↓

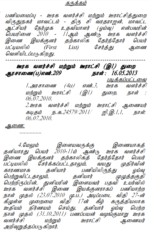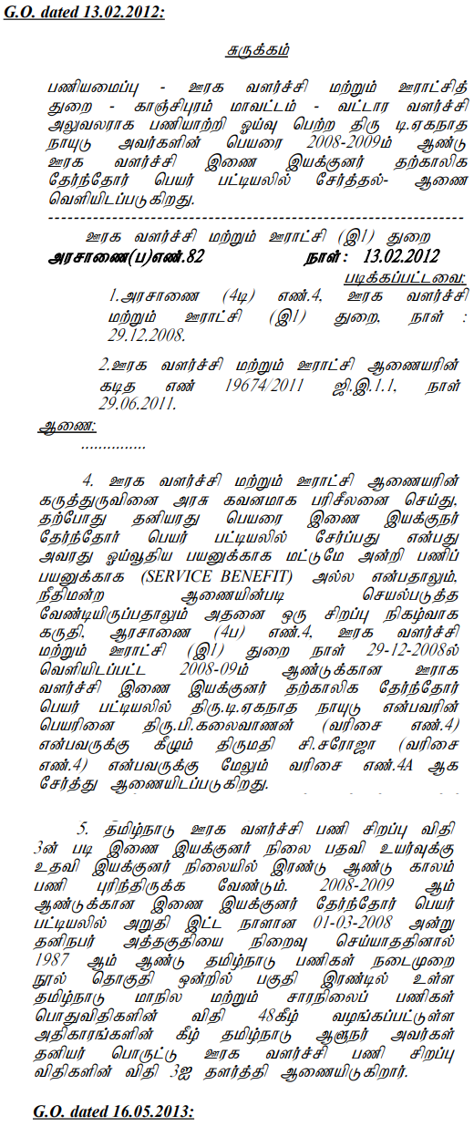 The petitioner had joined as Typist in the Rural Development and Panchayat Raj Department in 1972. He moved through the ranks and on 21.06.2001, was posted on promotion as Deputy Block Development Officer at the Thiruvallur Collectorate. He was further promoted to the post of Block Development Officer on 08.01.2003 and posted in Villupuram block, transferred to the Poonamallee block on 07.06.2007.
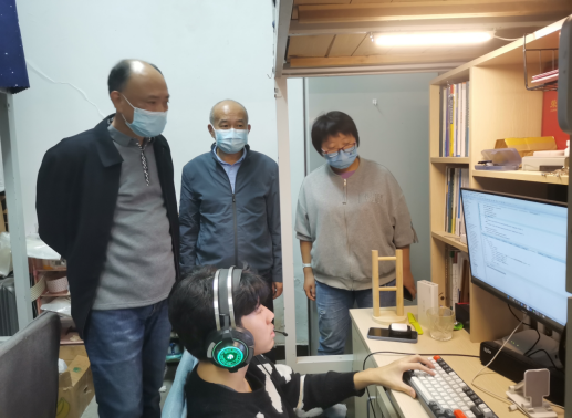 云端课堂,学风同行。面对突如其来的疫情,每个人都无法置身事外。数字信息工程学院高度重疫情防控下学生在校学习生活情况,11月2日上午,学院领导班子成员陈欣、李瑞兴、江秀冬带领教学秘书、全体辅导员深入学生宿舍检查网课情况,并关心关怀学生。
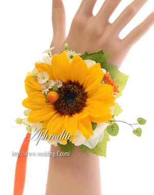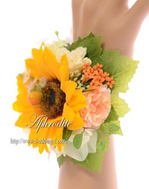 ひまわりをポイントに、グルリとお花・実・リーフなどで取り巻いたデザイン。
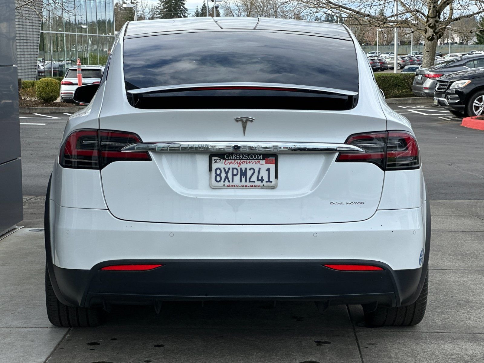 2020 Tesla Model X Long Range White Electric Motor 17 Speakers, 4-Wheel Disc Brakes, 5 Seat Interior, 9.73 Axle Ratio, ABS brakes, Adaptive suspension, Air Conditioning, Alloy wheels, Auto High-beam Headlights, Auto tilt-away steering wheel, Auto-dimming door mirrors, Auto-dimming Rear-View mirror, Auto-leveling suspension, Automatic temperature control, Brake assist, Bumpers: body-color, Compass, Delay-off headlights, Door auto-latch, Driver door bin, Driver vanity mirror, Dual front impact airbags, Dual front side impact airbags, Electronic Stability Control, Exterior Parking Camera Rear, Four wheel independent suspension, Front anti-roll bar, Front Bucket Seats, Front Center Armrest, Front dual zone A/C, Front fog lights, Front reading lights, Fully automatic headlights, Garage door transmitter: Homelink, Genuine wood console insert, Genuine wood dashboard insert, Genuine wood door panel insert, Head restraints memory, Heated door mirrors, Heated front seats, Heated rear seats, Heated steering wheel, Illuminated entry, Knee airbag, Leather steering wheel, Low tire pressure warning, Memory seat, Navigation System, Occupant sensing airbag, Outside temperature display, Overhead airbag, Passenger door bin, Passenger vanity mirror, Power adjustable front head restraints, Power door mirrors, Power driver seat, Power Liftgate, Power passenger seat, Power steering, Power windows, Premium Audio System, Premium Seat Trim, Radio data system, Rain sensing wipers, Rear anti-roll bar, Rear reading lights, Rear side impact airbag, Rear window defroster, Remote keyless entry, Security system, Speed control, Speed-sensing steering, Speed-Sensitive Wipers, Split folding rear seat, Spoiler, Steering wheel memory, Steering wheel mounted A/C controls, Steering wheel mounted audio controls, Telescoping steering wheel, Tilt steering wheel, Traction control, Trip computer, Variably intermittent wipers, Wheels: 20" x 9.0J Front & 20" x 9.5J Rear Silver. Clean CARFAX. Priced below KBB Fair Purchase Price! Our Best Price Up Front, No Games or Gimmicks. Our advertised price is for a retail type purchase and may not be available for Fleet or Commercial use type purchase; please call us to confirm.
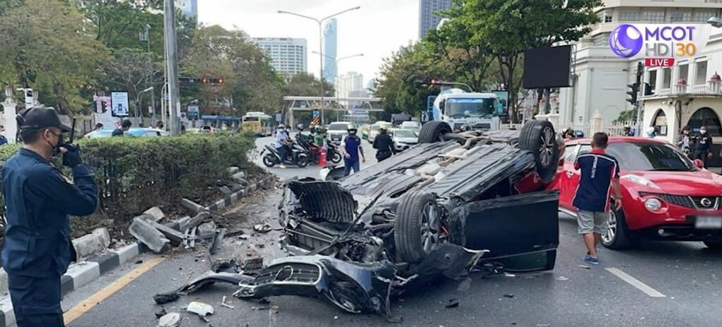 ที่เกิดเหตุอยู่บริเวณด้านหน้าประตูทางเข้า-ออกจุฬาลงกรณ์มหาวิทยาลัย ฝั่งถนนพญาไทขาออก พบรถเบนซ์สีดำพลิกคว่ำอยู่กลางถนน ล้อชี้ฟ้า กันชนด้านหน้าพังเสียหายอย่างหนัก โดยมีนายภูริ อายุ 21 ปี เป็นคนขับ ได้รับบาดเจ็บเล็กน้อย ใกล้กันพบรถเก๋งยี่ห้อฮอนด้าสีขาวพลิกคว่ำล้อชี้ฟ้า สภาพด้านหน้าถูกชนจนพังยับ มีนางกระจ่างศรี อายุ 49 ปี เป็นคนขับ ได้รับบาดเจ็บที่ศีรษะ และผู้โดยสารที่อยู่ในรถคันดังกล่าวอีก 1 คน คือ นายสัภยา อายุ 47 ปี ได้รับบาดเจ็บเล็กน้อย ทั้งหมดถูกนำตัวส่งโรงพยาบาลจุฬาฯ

↑

_What to do_
Quote, exactly and only, the lines from the first line of the data above through the line containing "ひまわりをポイントに、グルリとお花・実・リーフなどで取り巻いたデザイン。". The pictures do not belong in it.

_Solution_
 The petitioner had joined as Typist in the Rural Development and Panchayat Raj Department in 1972. He moved through the ranks and on 21.06.2001, was posted on promotion as Deputy Block Development Officer at the Thiruvallur Collectorate. He was further promoted to the post of Block Development Officer on 08.01.2003 and posted in Villupuram block, transferred to the Poonamallee block on 07.06.2007.
 云端课堂,学风同行。面对突如其来的疫情,每个人都无法置身事外。数字信息工程学院高度重疫情防控下学生在校学习生活情况,11月2日上午,学院领导班子成员陈欣、李瑞兴、江秀冬带领教学秘书、全体辅导员深入学生宿舍检查网课情况,并关心关怀学生。
 ひまわりをポイントに、グルリとお花・実・リーフなどで取り巻いたデザイン。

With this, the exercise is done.